__RECORDED INFORMATION__:
——————
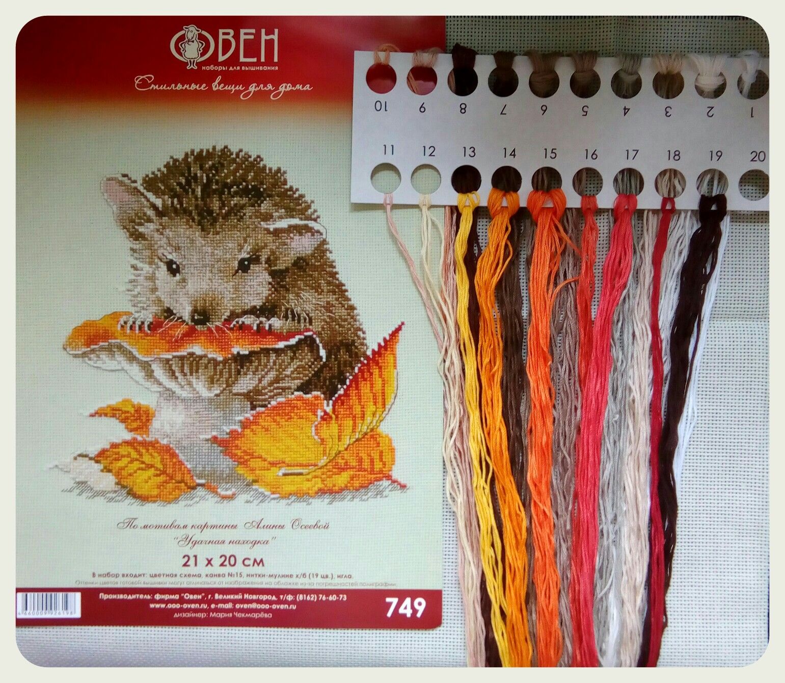 27 апреля 2021 Вышила я наборчик: "Удачная находка". Набор под номером 749 фирмы Овен по мотивам картины Алины Осеевой. Очень мне нравится этот ёжик и листочки с грибочком классные!!! На обложке заявлен размер 21х20 см. Ещё на один наборчик в закромах стало меньше!!! Очень меня радуют завершенные процессы!!! Нравится мне этот ёжик с грибочком и листочками!!! Красивая разработка!!! musya, татьяна0674, Любушка1985 и 30 других сказали спасибо Поделиться сообщением Ссылка на сообщение
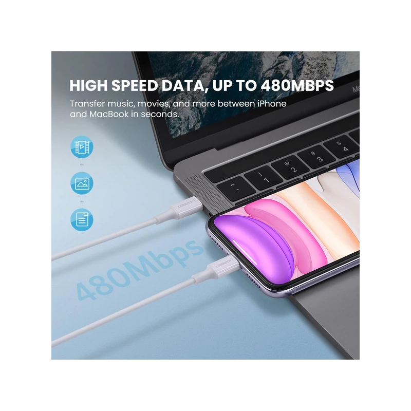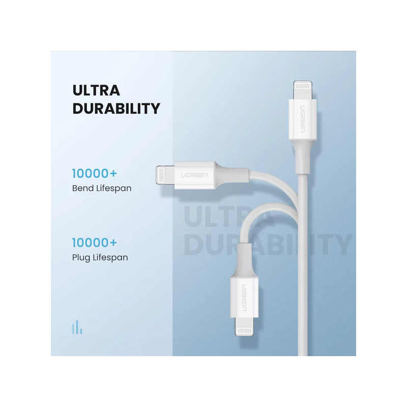 ✅ التصميم:كابل شاحن من “جي جرين” (UGREEN) بمدخل USB-C إلى Lightning بطول 1 متر، يتميز بتصميم أنيق وأسطواني مرن لسهولة الاستخدام والتخزين. لونه الأبيض العصري يضيف لمسة من الأناقة.
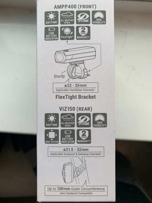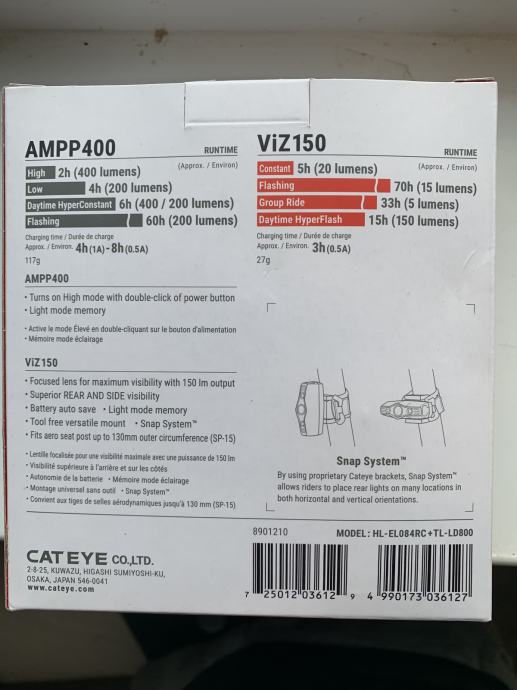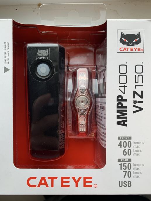 Prodam nov komplet zelo kvalitetnih luči Japonske znamke CAT EYE model AMPP 400 in VIZ 150 zadnja luč.
——————
__WHAT YOU HAVE TO DO__: Go through the listing above and quote it exactly, apart from its images.

__TASK OUTPUT__:
 27 апреля 2021 Вышила я наборчик: "Удачная находка". Набор под номером 749 фирмы Овен по мотивам картины Алины Осеевой. Очень мне нравится этот ёжик и листочки с грибочком классные!!! На обложке заявлен размер 21х20 см. Ещё на один наборчик в закромах стало меньше!!! Очень меня радуют завершенные процессы!!! Нравится мне этот ёжик с грибочком и листочками!!! Красивая разработка!!! musya, татьяна0674, Любушка1985 и 30 других сказали спасибо Поделиться сообщением Ссылка на сообщение
 ✅ التصميم:كابل شاحن من “جي جرين” (UGREEN) بمدخل USB-C إلى Lightning بطول 1 متر، يتميز بتصميم أنيق وأسطواني مرن لسهولة الاستخدام والتخزين. لونه الأبيض العصري يضيف لمسة من الأناقة.
 Prodam nov komplet zelo kvalitetnih luči Japonske znamke CAT EYE model AMPP 400 in VIZ 150 zadnja luč.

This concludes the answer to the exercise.